Also note that you always have access still to the underlying OS. We should always be able to import a pool if it’s basic structure has not been altered. The underlying btrfs is the source of truth in this matter. And we are informed of this truth by simply running and parsing btrfs command lines. We are to move to json output from those commands and eventually adopt an in-development native python interface but all in good time. And bit by bit as our resources allow.

In which case you can, with you engineering background, presumably reproduce it. And if so we are at the GitHub issue stage. If we have a re-producer we are well on the way to an actual fix. We have had around 928 of those to date in the projects public history. And it is the entire purpose of the testing channel: and exactly how we get to our stable releases. We currently have the following GitHub Milestone:

which denotes the outstanding issue we would like to sort before declaring the next stable release prior to then embarding on the next testing channel changes.

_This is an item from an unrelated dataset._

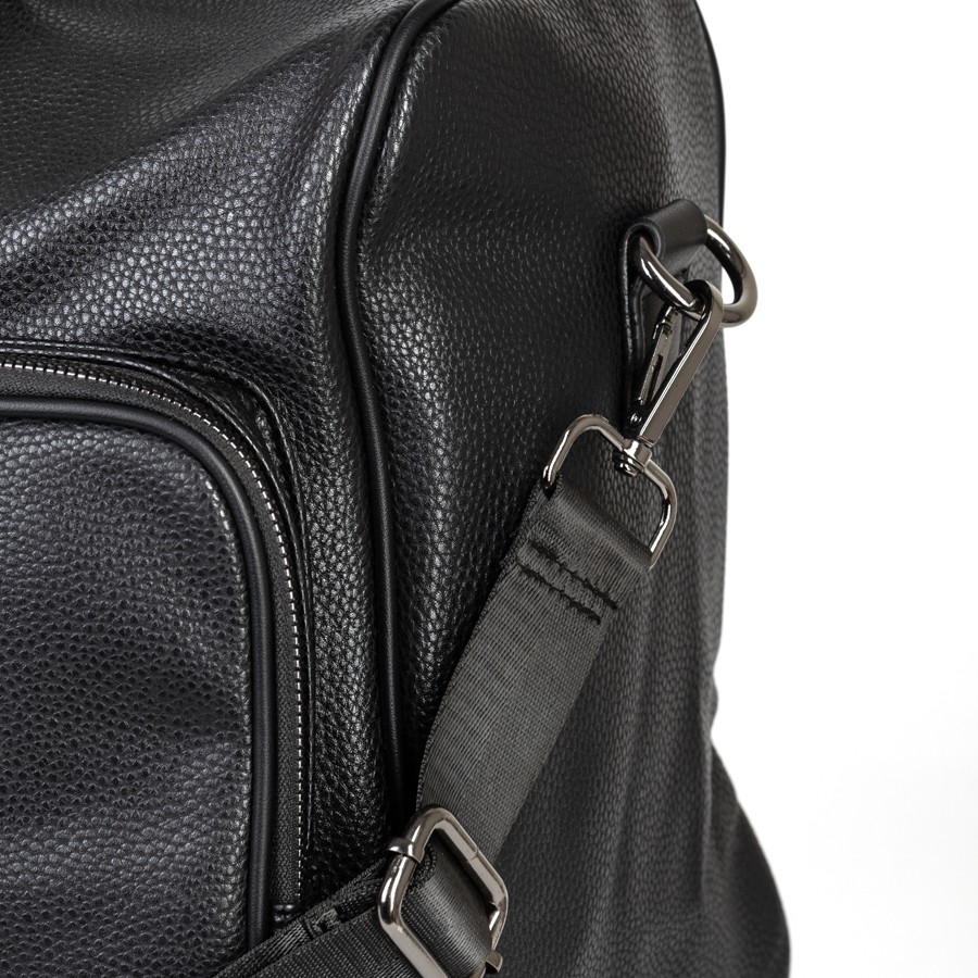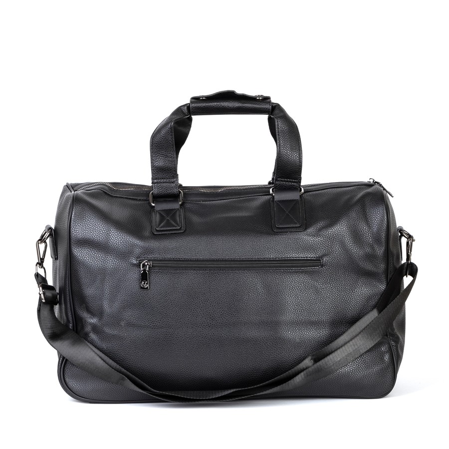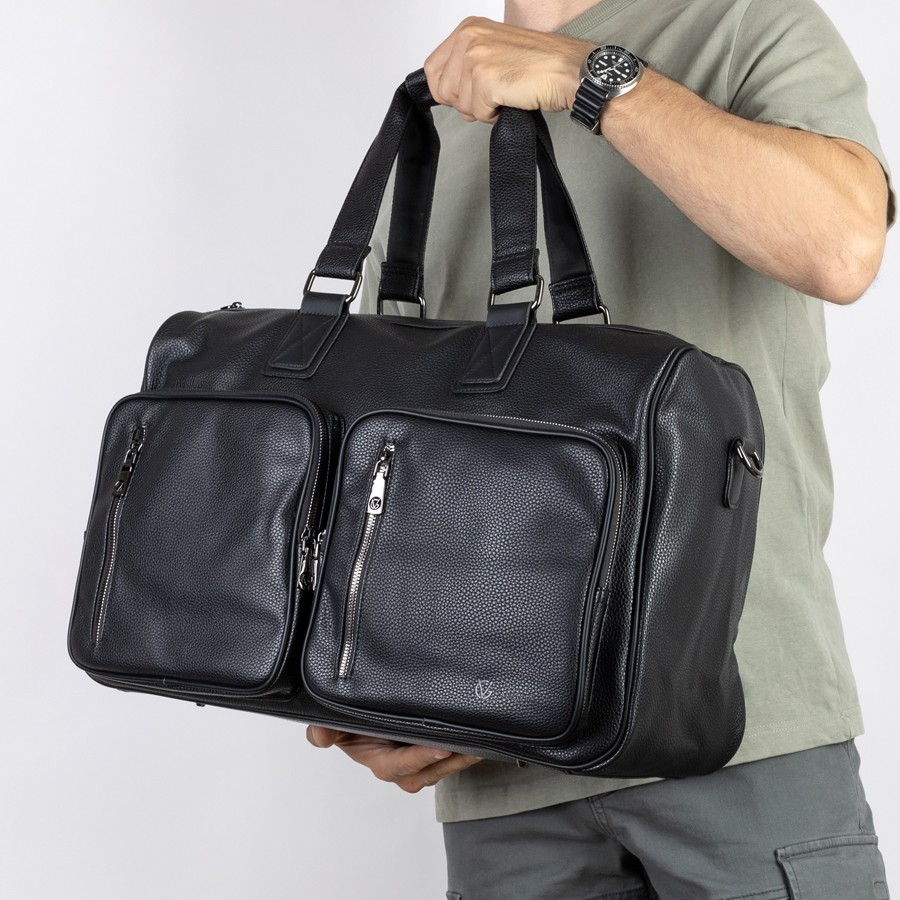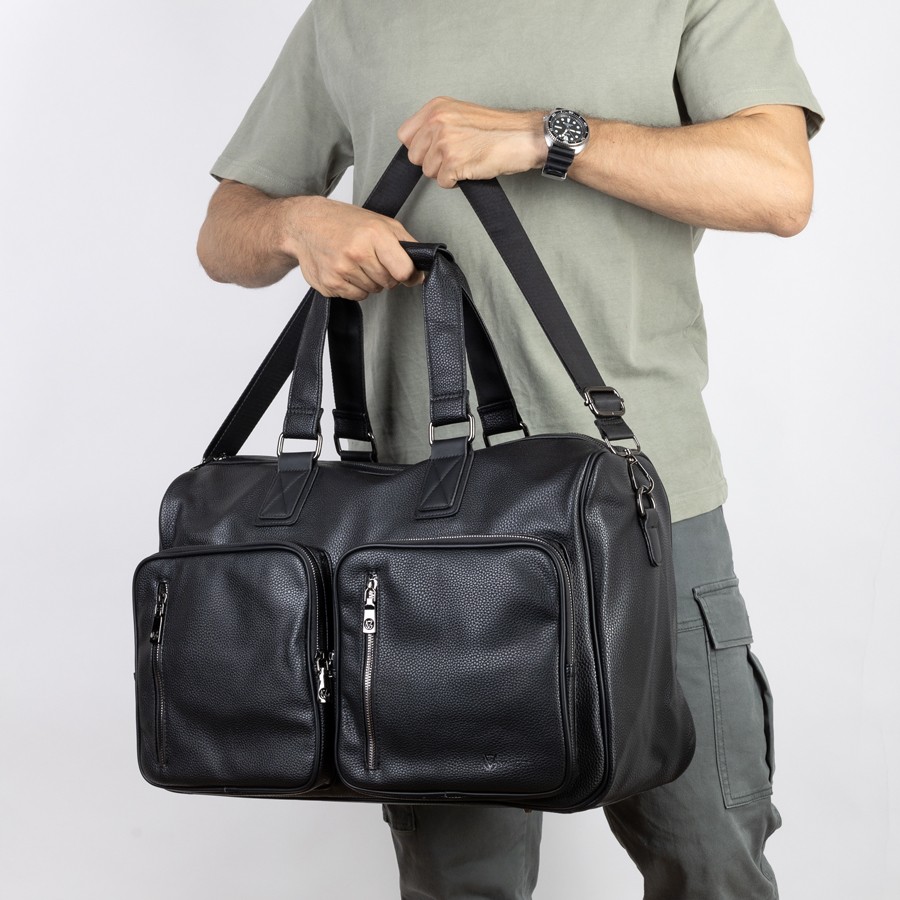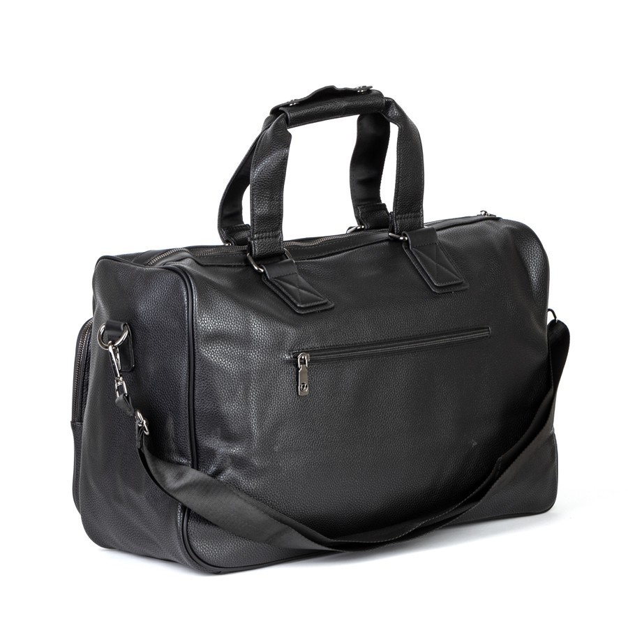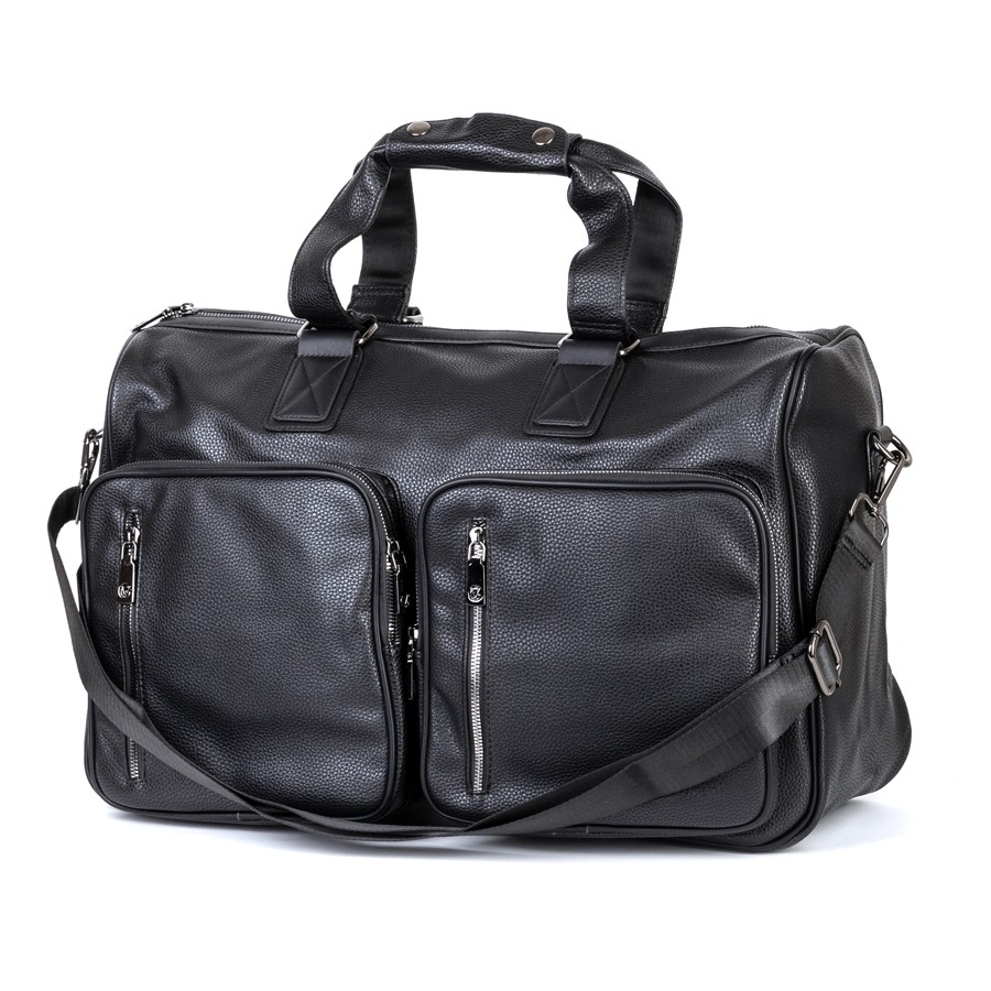 Дорожно-спортивная сумка от торговой марки Valigetti выполнена из искусственной кожи черного цвета. Модель с двумя ручками с фиксатором на кнопках и съемным плечевым ремнем, выполненным из текстильного материала. Отделение на молнии. Внутри: текстильная подкладка, карман на молнии, накладные карманы. На лицевой стороне - четыре кармана на молнии. На задней стороне - карман на молнии.

Reproducers are King and Queen in proving any fix. And the first place to start in understanding where the problem lies. All subvolumes not mounting could have a miriad of causes. Each one needs a reproducer. Whe have fixed quite a few of these, but obviously not all of them. For example, if a disk dies and one reboots the pool will not mount without a ‘-o degraded’ mount option. We advise this in the Web-UI. We could just carry that option, but that would be counter to our upstream developers (the btrfs developers in that case) advise. We have to tread a narrow and unclear path as we go here. Easy to use means we have to cover up some complexity - but it is not gone. The btrfs file-system is a non trivial engineering endeavour, facilitating end-user ease (our task) is similarly fraught with challenges. But I think the endeavour is worthwhile.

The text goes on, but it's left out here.